While keeping her eye on the day when her gallery can reopen, Hawk says she doesn’t need to pay herself a salary for a little while. But as with any other type of business, there is a limit to how much lost revenue an art gallery can withstand and remain fiscally sustainable.
Hawk says six months is the maximum length of time Sherrie Gallerie can endure without any sales whatsoever.
“I’m never in the mood to lose that much money, but I told myself that I’m willing to go that long,” Hawk said. “I had to just be really honest with myself and put that money there for the gallery.”
Lindsay says he’s measuring his gallery's viability during the shut-down against his prospects for a secure retirement.
“I’m older than a lot of people that own businesses in the Short North," Lindsay said. "I’ve been in business a long time. Do I want to pay the rent for my gallery out of my retirement? No, I don’t, but I have that option that I think a lot of people don’t."
Brandt says she thinks the Brandt-Roberts Galleries can hold on until summer, assuming business starts back up then. But whenever she can reopen, Brandt says she’s concerned that it will take time for business to ramp up again, which would mean more of a strain on her business.
“Just because we’re closed doesn’t mean we don’t have operational costs – we still have insurance, we still have rent costs, I’m trying to keep my employees employed to some extent,” Brandt said. “Let’s say hypothetically we’re opening again in June or July, I don’t think we’re going to see all our patrons come back immediately.”
And the mandated closures mean that all types of Short North businesses aren’t bringing each other business like they usually do.
“(Normally), folks will come down to visit galleries and they stop and grab something to eat," Brandt said. "And they may be walking past our brick-and-mortar space in the window and they pop in. So being in the neighborhood where there are interesting small businesses has been a benefit for all of us, and I think the galleries have been a benefit to the boutiques."
Beyond the concerns of sustaining an art gallery and helping artists earn a living during the current crisis, Lindsay says he is concerned about what a longer-than-expected closure of the businesses that make up the Short North’s economy might mean for that district.

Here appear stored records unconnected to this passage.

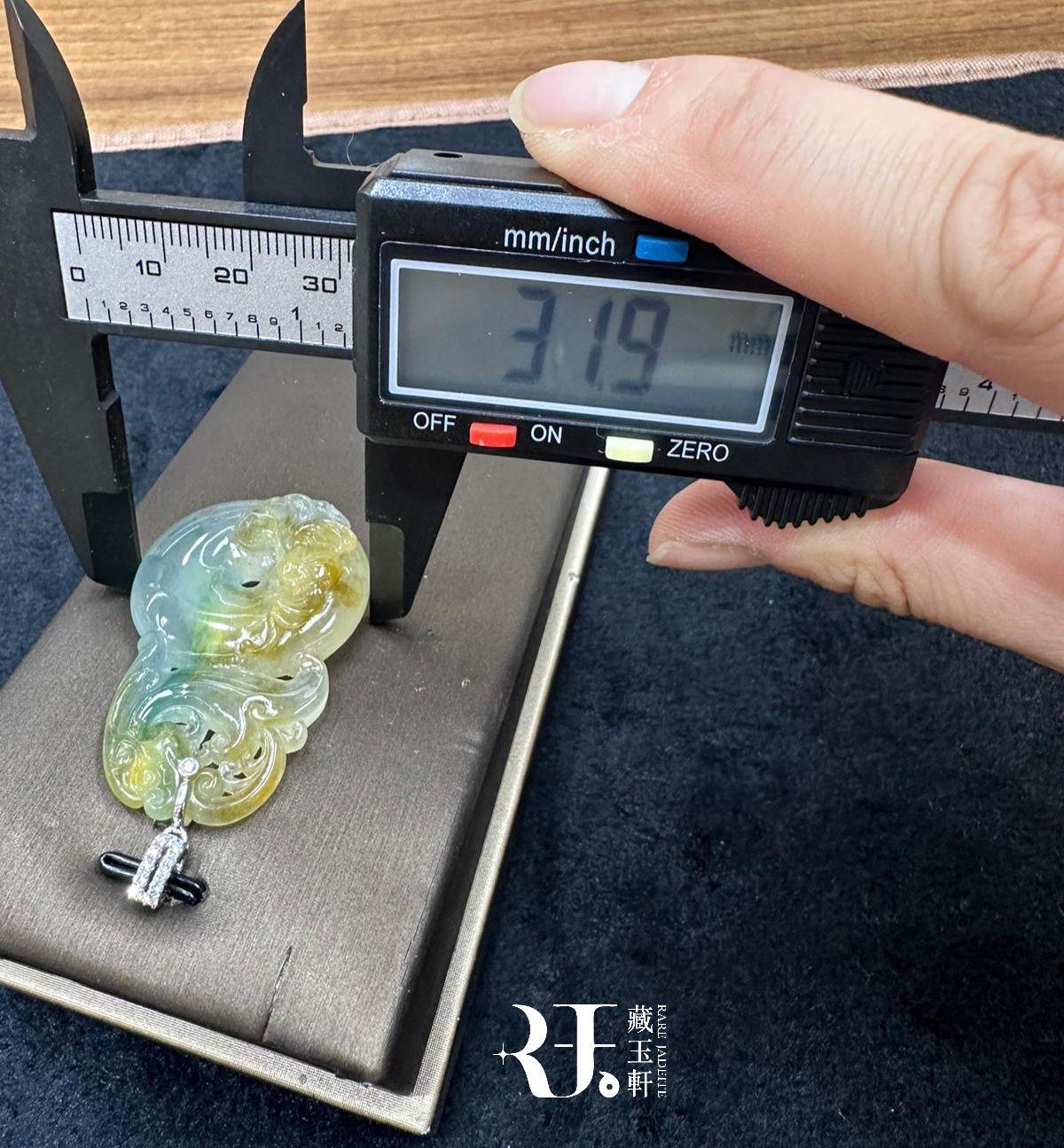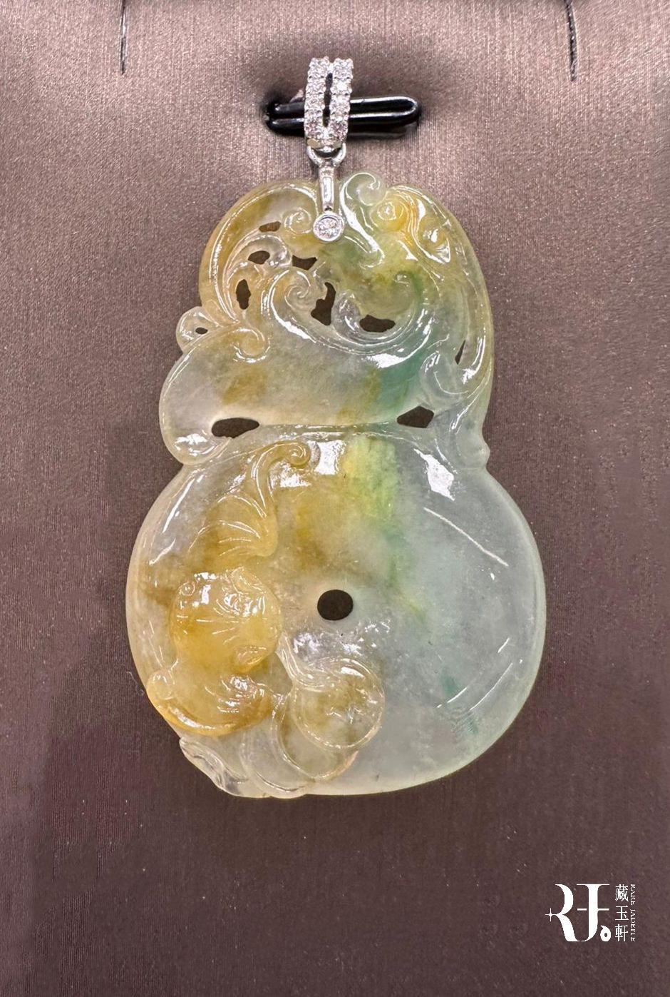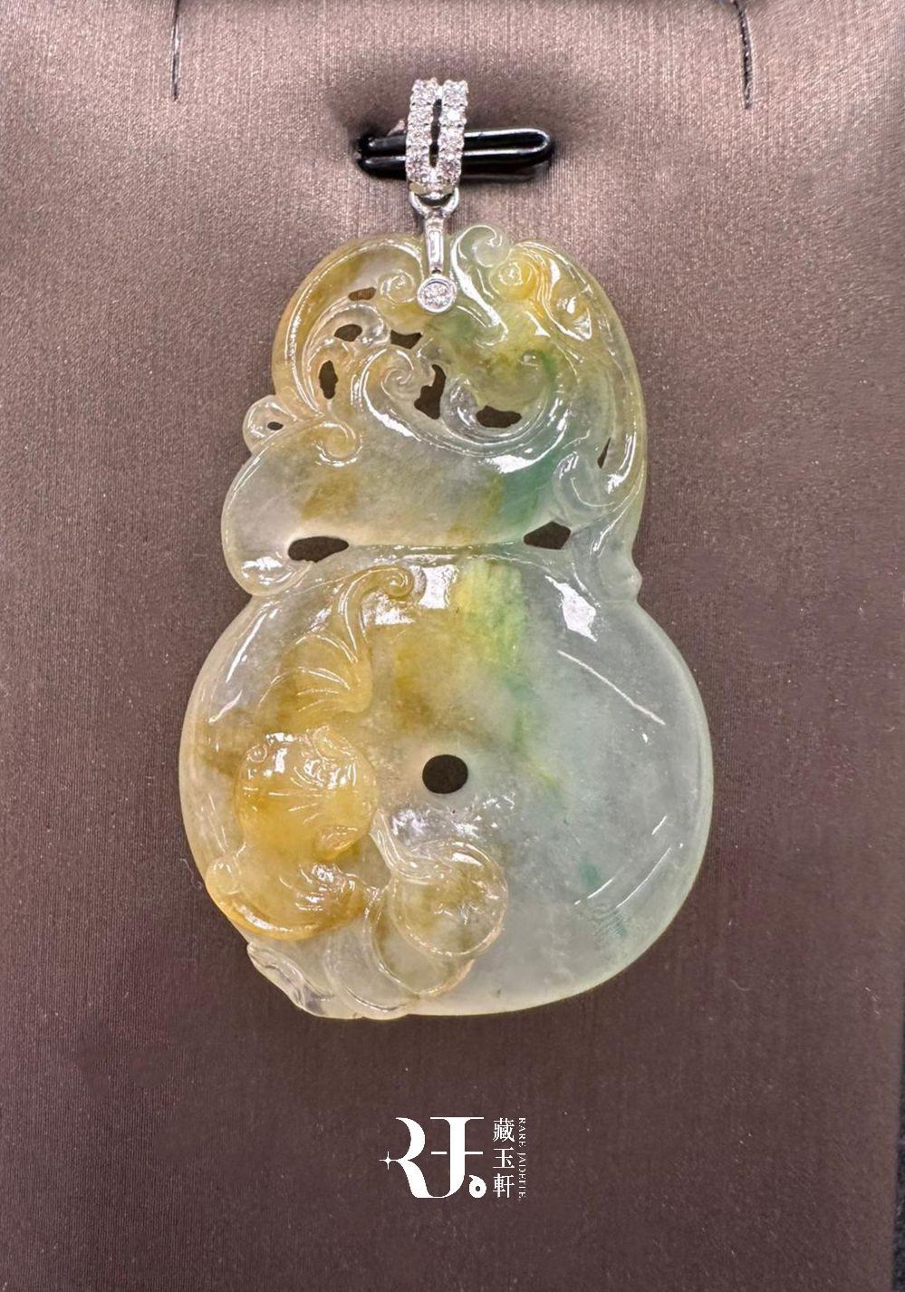藏玉軒【蝠皇錢行祿雲】黃加綠吊墜,料子出自最美黃翡的達馬坎場口,這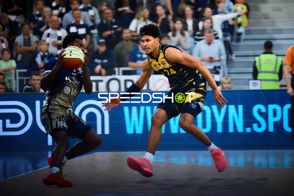 Spielszene mit Lenny Anigbata (12; MHP Riesen Ludwigsburg) und Yorman Polas Bartolo (13; MHP Riesen Ludwigsburg)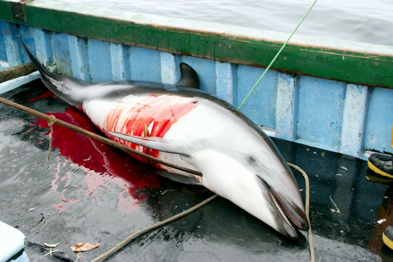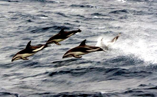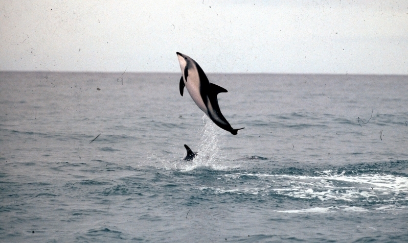 They are often seen leaping out of the water both when swimming & playing and the noise that is caused by them diving back into the water is able to travel for up to 1 kilometers through the water and up to 3 kilometers through the air. Dusky’s are known to be incredibly sociable animals with sick or injured individuals helped by others that push them towards the surface so the vulnerable individual is able to breathe. Along with being seen together in their own pods, Dusky Dolphins are also known to interact with other cetaceans including Common Dolphins, which they feed alongside. Despite being one of the most intelligent animals in the world, the increasing amount of man-made obstacles that litter the sea has led to a decline in Dusky Dolphin populations as they are often hit by them. Populations around South America have also suffered greatly from hunting by people for their flesh which is used both as bait for fish & for human consumption. A study carried out between 1991 and 1993 revealed that 7,000 Dusky Dolphins were captured each year and although the hunting of dolphins has been recently banned, they are still commonly hunted as food. The issue however that most affects all Dusky Dolphin populations is the fact that they are often caught by accident in large fishing nets that are targeting the same fish that the dolphins are. However, in a growing number of places around the world watching the acrobatic Dusky is becoming increasingly popular with tourists and bringing awareness to the threats that they face. Today, the Dusky Dolphin is listed by the IUCN as being Data Deficient which means that although certain populations in certain areas are well reported, little is really known about those individuals that inhabit underpopulated regions. However, their numbers are known to be drastically declining throughout the southern hemisphere primarily due to the increasing levels of human activity in their native environments. Despite the hunting of them being banned, Dusky Dolphins are still caught in nets and trawlers in their thousands on a yearly basis.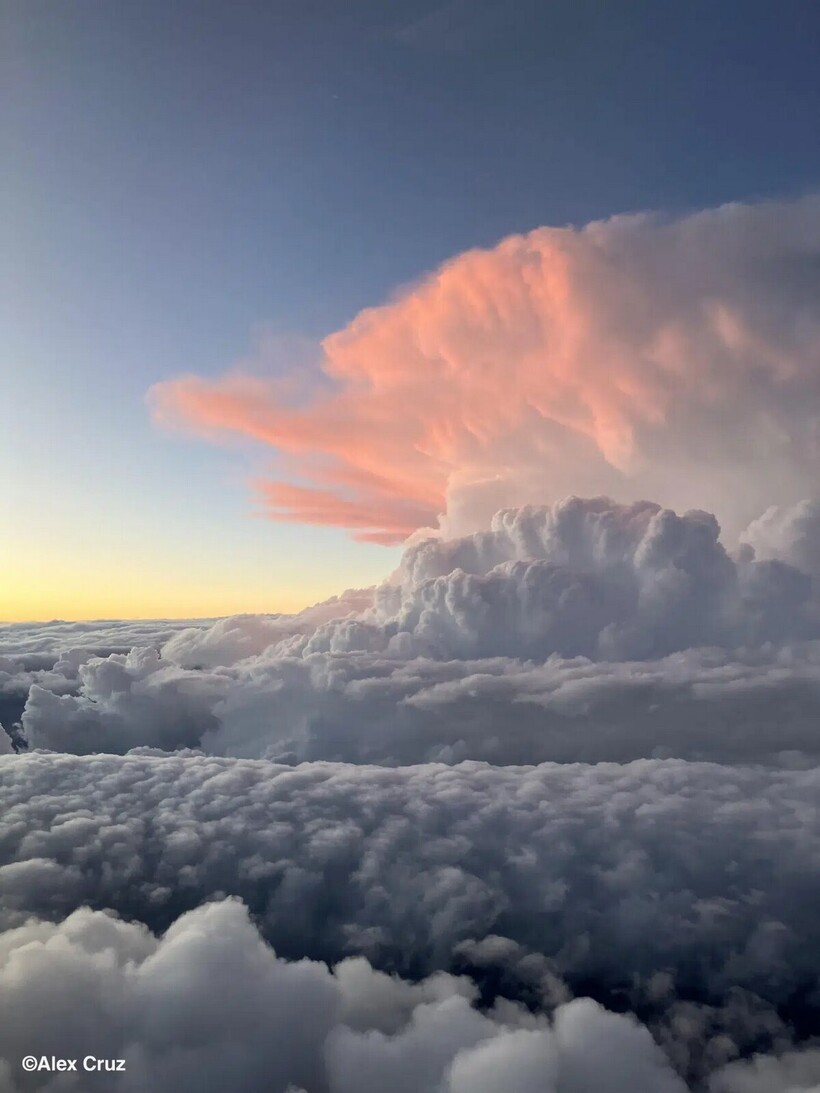 Грозовое облако, снятое из самолета над США, светится розовым на закате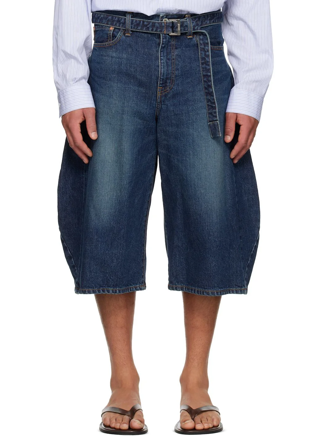 Non-stretch denim shorts. · Fading and whiskering throughout · Belt loops and detachable cinch belt at waistband · Five-pocket styling · Zip fly · Curved outseams · Patch pocket at outseam · Contrast stitching in white and tan Supplier color: Blue 100% cotton. Made in Japan 261445M193006

“On a larger scale, I worry about, if this goes on for long, will there be a Short North Arts District anymore?” said Lindsay
Meanwhile, Brandt says she’s been relying on wisdom she gained during her health crisis to try to stay focused on the present and take things as they come.
“When I had cancer, one of my therapists said, ‘Whatever you do, don’t get stuck in your illness,’” Brandt said. “I’m trying not to get stuck in the doomsday mentality. I’m trying not to get stuck in the ‘what ifs.’ One thing you learn in cancer is you take it one day at a time, because everything’s out of your control. I think we’ll pull through this.”